──────── Data for analysis ────────

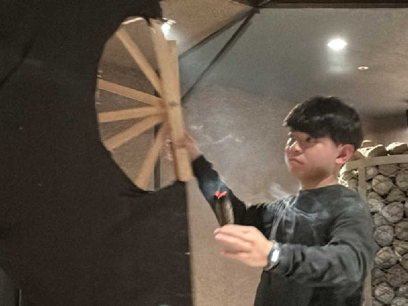お初のケイタさん、ラドルをタクトやバイオリンに見立ててのロウリュ、手の動きや所作が丁寧
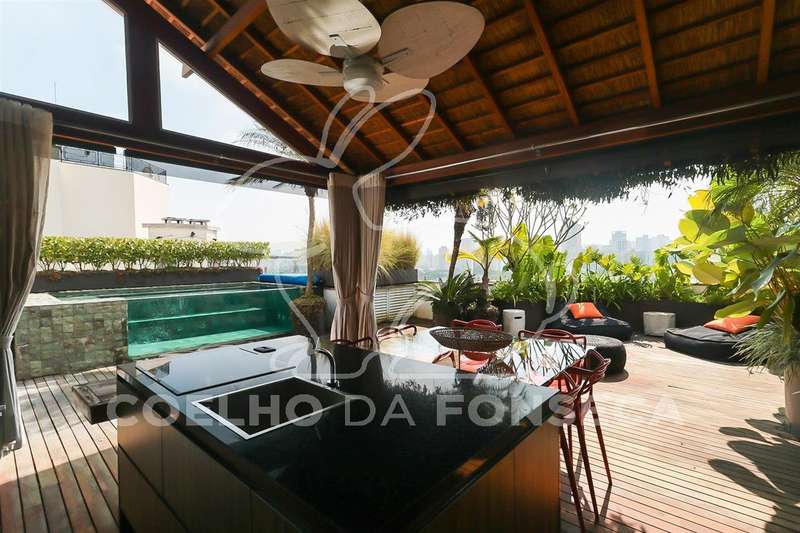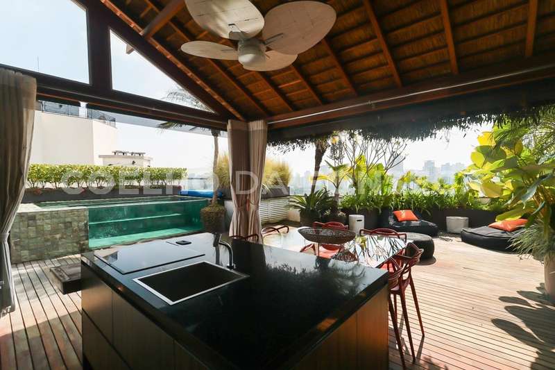 Cobertura no bairro Brooklin com 340m² área privativa/útil, 2 dormitório(s), 2 suíte(s), 4 vaga(s), 3 banheiro(s), piscina, churrasqueira, terraço, duplex, ar condicionado, dep. de empregados, varanda gourmet.
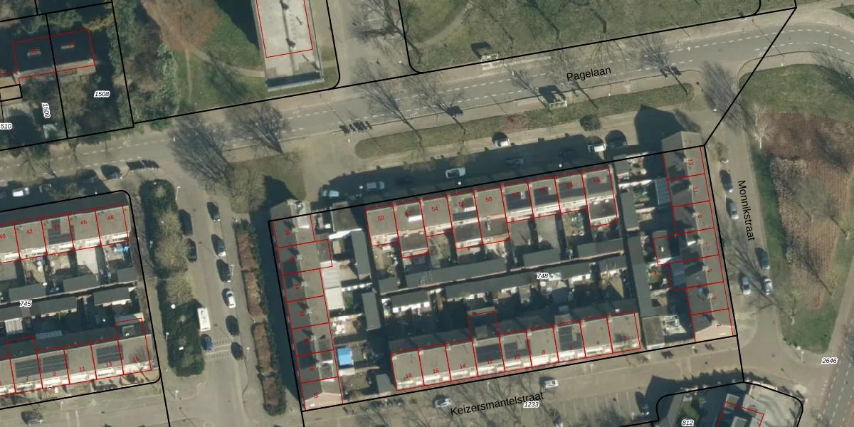Pagelaan 54 is gelegen op kadastraal perceel TGR00G748. Deze kadastrale aanduiding is uniek en wordt gebruikt door het Kadaster om eigendomsrechten en andere zakelijke rechten vast te leggen. Het perceel maakt onderdeel uit van de kadastrale gemeente Tongelre.
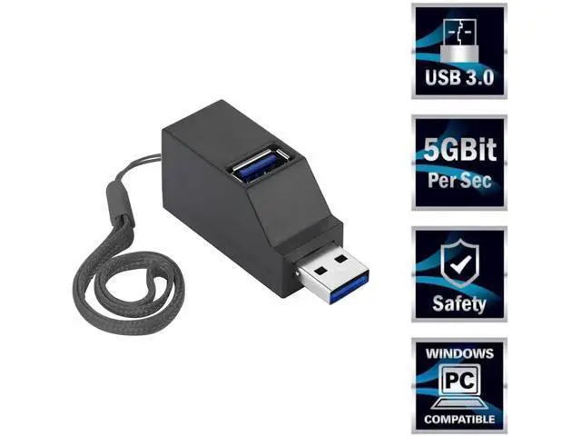 USB Expansion: Transform one of your computer' s USB ports into three(Two USB 2.0 Ports and One USB 3.0 Port). Stylish and simple, compact design without a trace of burdensuitable for carrying out and office in traveling. Comes with a lanyard, which is convenient for hanging and storage, and one cap protects the USB male head from knocks and impacts. Works with USB 3.0, 2.0, or 1.1 host controllers and devices on all Windows, Mac, and Linux/Unix computers at USB 2.0 speeds. Transfer rates are device and USB host controller dependent.
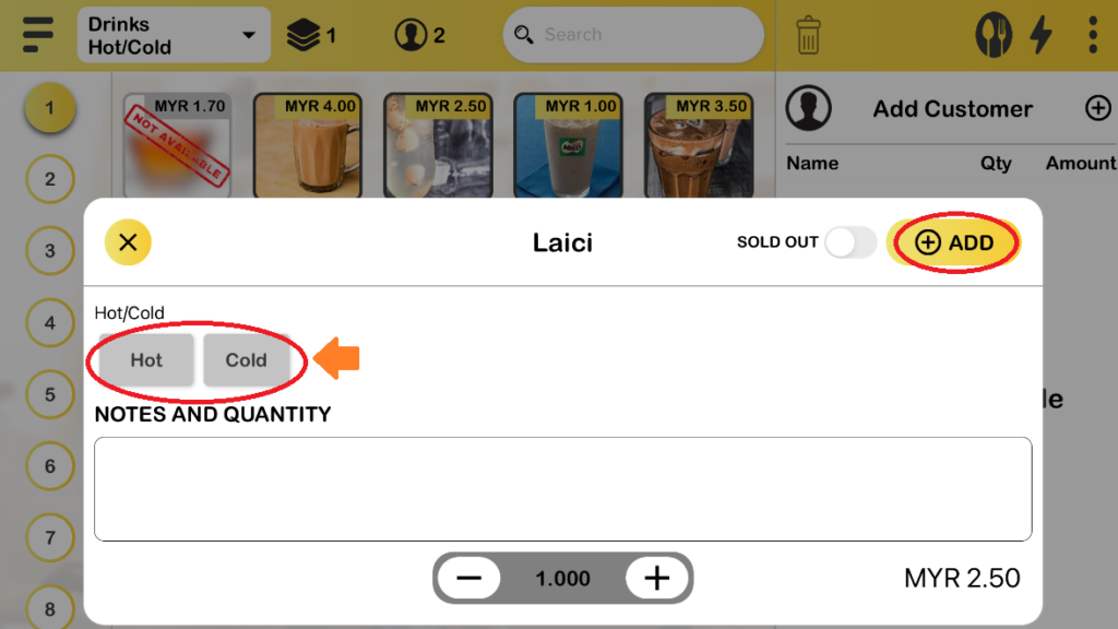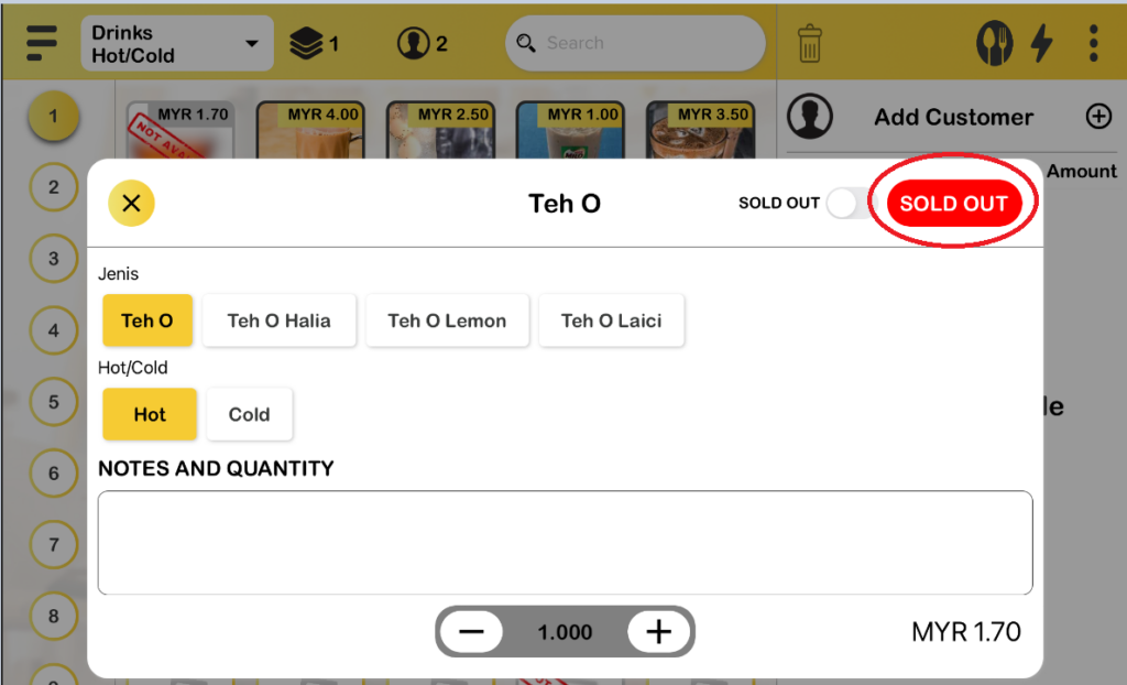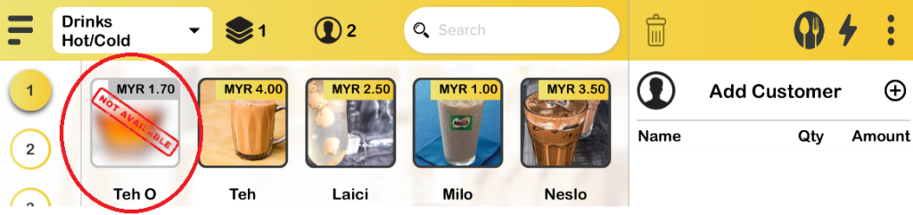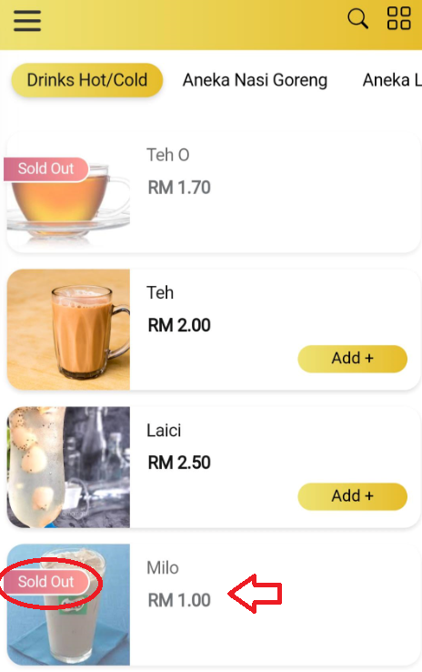 2. Customers who have scanned the QR menu, he/she unable to add Milo to the cart since it is sold out.
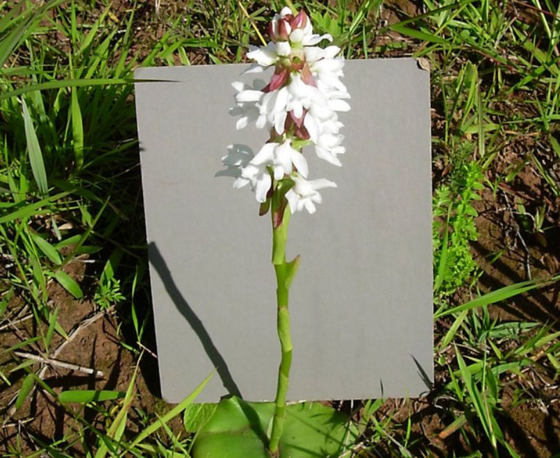 Found in Nigeria, Cameroon, Zaire, Rwanda, Burundi, Uganda, Kenya, Tanzania, Malawi and Zambia in Brachystegia woodlands and open seasonally flooded grasslands at elevations of 1200 to 2300 meters as a medium to large sized, cool to cold growing terrestrial with ovoid to ellipsoid tomentose tubers giving rise to an erect, enveloped by 4 sheaths and carrying 2 basal, adpressed to the ground, ovate, orbicular to reniform, fleshy, leaves that blooms in the late spring through summer on a terminal, erect, 1.6 to 6.4" [4 to 16 cm] long, fairly densely few to 20 flowered inflorescence carrying fragrant flowers .
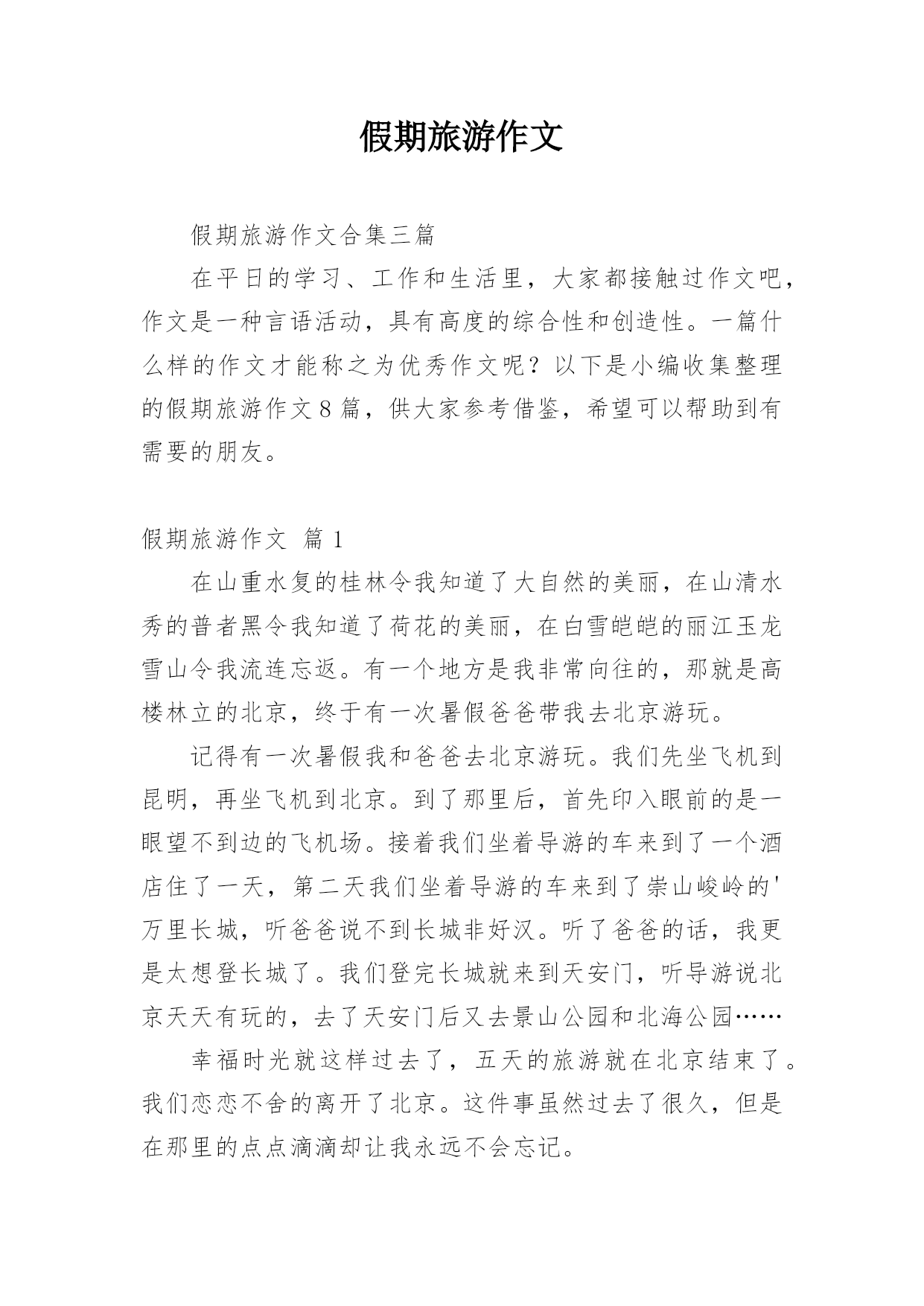假期旅游作文假期旅游作文合集三篇在平日的学习、工作和生活里,大家都接触过作文吧,作文是一种言语活动,具有高度的综合性和创造性。一篇什么样的作文才能称之为优秀作文呢?以下是小编收集整理的假期旅游作文8篇,供大家参考借鉴,希望可以帮助到有需要的朋友。假期旅游作文篇1在山重水复的桂林令我知道了大自然的美丽,在山清水秀的普者黑令我知道了荷花的美丽,在白雪皑皑的丽江玉龙雪山令我流连忘返。有一个地方是我非常向往的,那就是高楼林立的北京,终于有一次暑假爸爸带我去北京游玩。记得有一次暑假我和爸爸去北京游玩。我们先坐飞机到

────────

Work order
Please write out exactly the lines starting at the one that contains "fragrant flowers ." and ending with the final line of the entries, both ends included. Do not write out any pictures.

Task response
 Found in Nigeria, Cameroon, Zaire, Rwanda, Burundi, Uganda, Kenya, Tanzania, Malawi and Zambia in Brachystegia woodlands and open seasonally flooded grasslands at elevations of 1200 to 2300 meters as a medium to large sized, cool to cold growing terrestrial with ovoid to ellipsoid tomentose tubers giving rise to an erect, enveloped by 4 sheaths and carrying 2 basal, adpressed to the ground, ovate, orbicular to reniform, fleshy, leaves that blooms in the late spring through summer on a terminal, erect, 1.6 to 6.4" [4 to 16 cm] long, fairly densely few to 20 flowered inflorescence carrying fragrant flowers .
假期旅游作文假期旅游作文合集三篇在平日的学习、工作和生活里,大家都接触过作文吧,作文是一种言语活动,具有高度的综合性和创造性。一篇什么样的作文才能称之为优秀作文呢?以下是小编收集整理的假期旅游作文8篇,供大家参考借鉴,希望可以帮助到有需要的朋友。假期旅游作文篇1在山重水复的桂林令我知道了大自然的美丽,在山清水秀的普者黑令我知道了荷花的美丽,在白雪皑皑的丽江玉龙雪山令我流连忘返。有一个地方是我非常向往的,那就是高楼林立的北京,终于有一次暑假爸爸带我去北京游玩。记得有一次暑假我和爸爸去北京游玩。我们先坐飞机到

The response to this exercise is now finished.